What comes next? In the near-term, meaning the next ten to twenty years, I anticipate nothing better than more experiments, developing BECs of larger and larger sizes and simply studying their properties. However, it was a poet, not a scientist, who provided what I regard as the correct long-term framework for thinking about BECs. Tennyson wrote about "the fairy tales of science and the long result of time." During the twentieth century, time (plus effort) has again and again turned apparently abstract theories of science into the technology that transforms everyday life. I think that eventually Bose-Einstein Condensates, which represent an entirely new state of matter, will have scores or hundreds of practical uses.
In order to say how long this may take, my strongest argument has to be by analogy. The theory behind the laser was produced in 1917 (again in a paper by Einstein). It took until 1960 - 43 years later - to produce the first working laser turning that theory into practice. And it took almost the same length of time to give us today's flood of practical uses, with lasers employed in everything from eye surgery to micro-electronics to CD players to the production of the Bose-Einstein Condensates themselves.
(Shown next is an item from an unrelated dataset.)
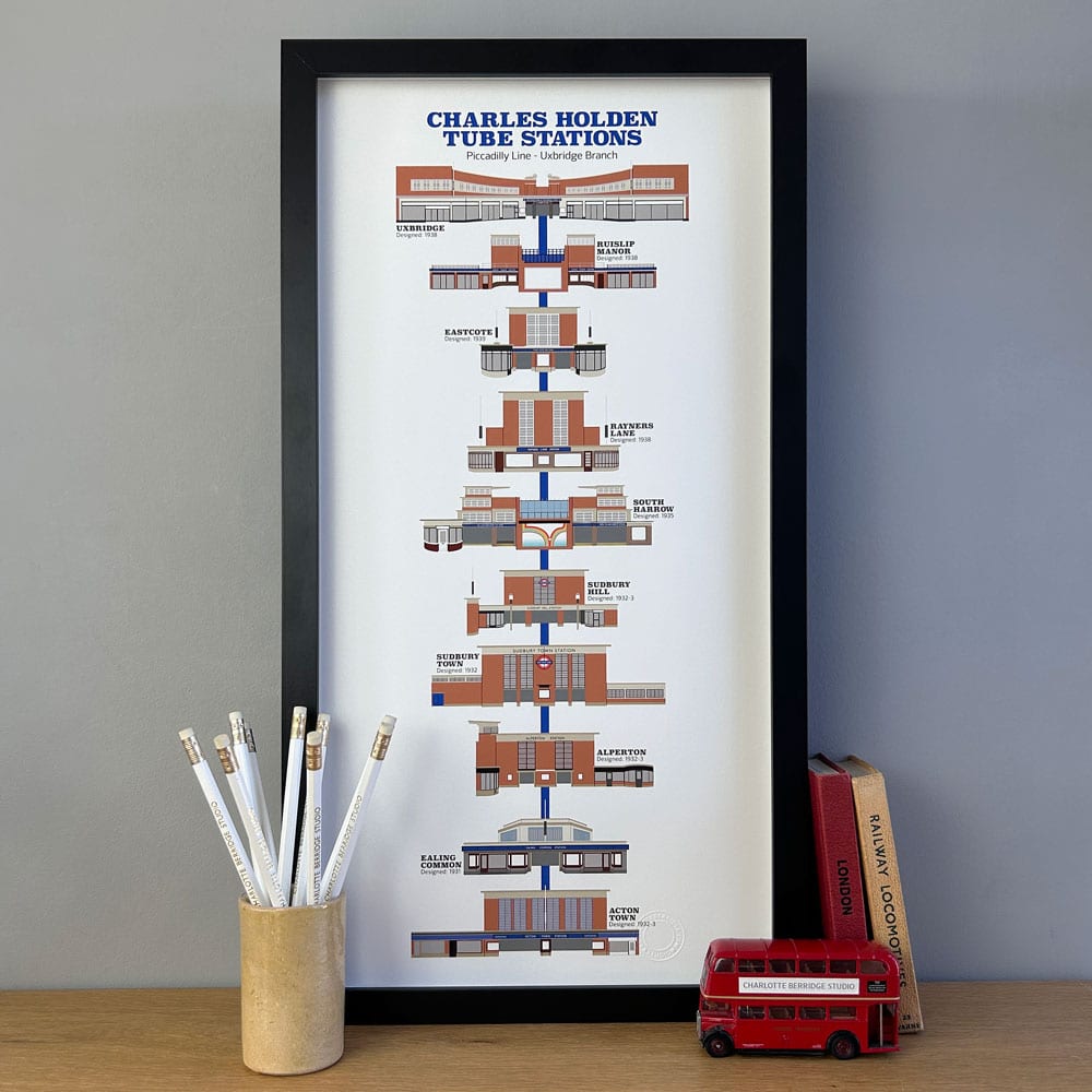 Stylised illustrated print featuring architect Charles Holden’s iconic Piccadilly Line – Uxbridge Branch tube stations created exclusively by Charlotte Berridge.

The laser and the BEC have deep conceptual similarities. They are both cooperative phenomena. The atoms that make up a BEC, like the photons that make up a laser beam, move and act in exact coordination with each other.
Let us take the similarity between lasers and BECs one step farther, and say that, like the laser, the time from the theoretical prediction of the Bose-Einstein Condensate to its first demonstration will be about the same as the time from that first example to a flood of practical uses. Then the arithmetic would say, prediction of BEC to real-world example, seventy years (1925 to 1995). Another seventy years from first example to a host of uses predicts that Bose-Einstein Condensates will be a common part of the industrial scene by 2065.
This prediction is probably on the conservative side. The rate of technological progress has steadily increased over the past half century, and it is still increasing today. BECs will probably be playing vital technological roles - don't ask me what - by 2050.